Disclaimer: I'm not a doctor and I don't pretend to be one. This post is not intended to give medical advice.
ALWAYS refer to your medical professionals. In the case of transplants, that would be a transplant team. Experts would include the transplant surgeon and transplant coordinator.
As a living kidney donor, I get asked about my life after transplant. Some people, after finding out that someone like me donated (I was 53 at the time!), look at me a little differently. But considering life after a transplant is an important factor for everyone involved.
When I started the process, I was relieved to find that an entire transplant team (each donor gets one) wanted to meet with me. Donor candidates and recipients have their own set of experts. Information is kept confidential and not shared between the teams. Most hospitals include a transplant coordinator, social worker, psychologist, and transplant surgeon. Each member met with me to explain their part of the process, answer my questions, and discuss how I would handle any possible complications.
In my experience, they told me that the more physically active that I was before the surgery, the quicker that I would recover. Like other inpatient surgeries, there are always risks, however small.
After recuperating at home, I went right back to teaching in the classroom.
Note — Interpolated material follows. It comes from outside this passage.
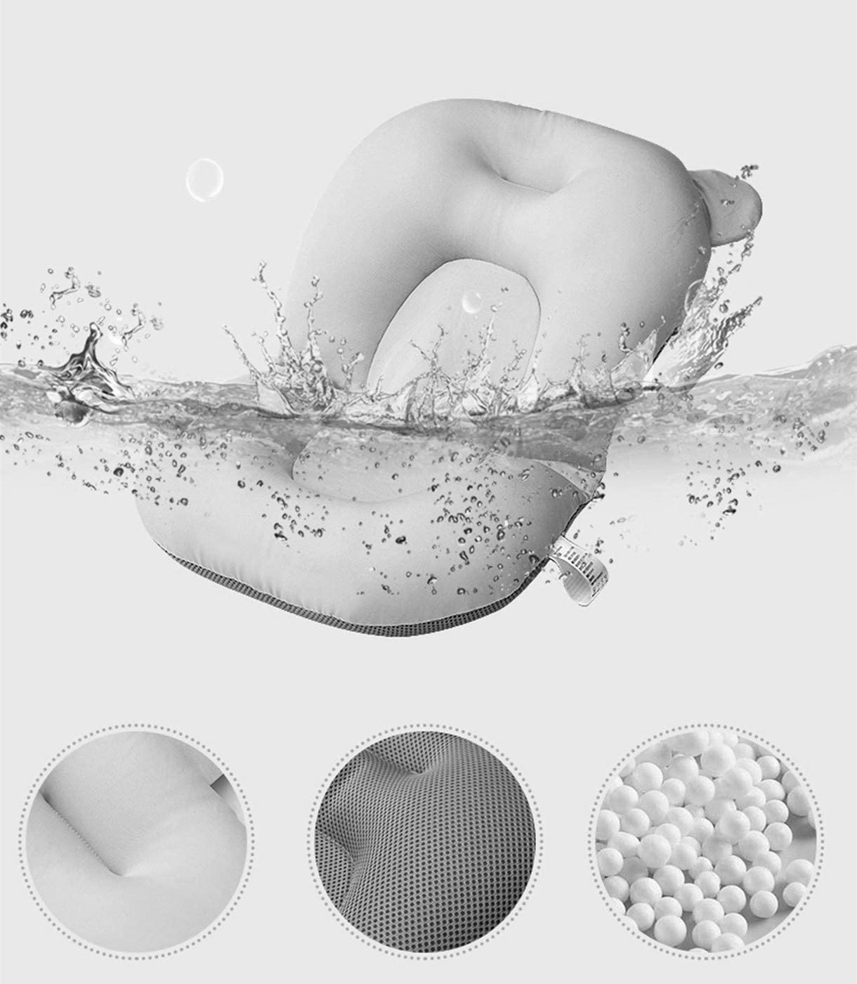 Confectionat din material cu uscare rapida placut la atingere, 100% poliester si umplut cu mici bilute de poliester. ce se muleaza dupa forma corpului bebelusului

It took me a while to get my energy back, but within a few months, I felt "normal." As a part of the donation process, I had lab work and doctor appointments six months, one year and two years after the procedure. My remaining kidney continues to function just fine.
As a matter of fact, because of the extremely thorough testing process (By the time I was done, I felt like I was applying to be an astronaut.), donor candidates are usually among the most healthy individuals. Talk about a good bill of health.
I don't have to take any special medicines or avoid any certain foods. Any changes that I needed to make are healthy choices for most people.
When people ask me if my life is "back to normal," I usually say no. It's better. I'm more aware of how blessed I am to be healthy. I'm fascinated with the incredible life-saving and life improving medical advances. And, I'm passionate about equipping people with information to consider when they are facing kidney failure. Normal? No way. Better than ever.
What would you like to know about life after transplant?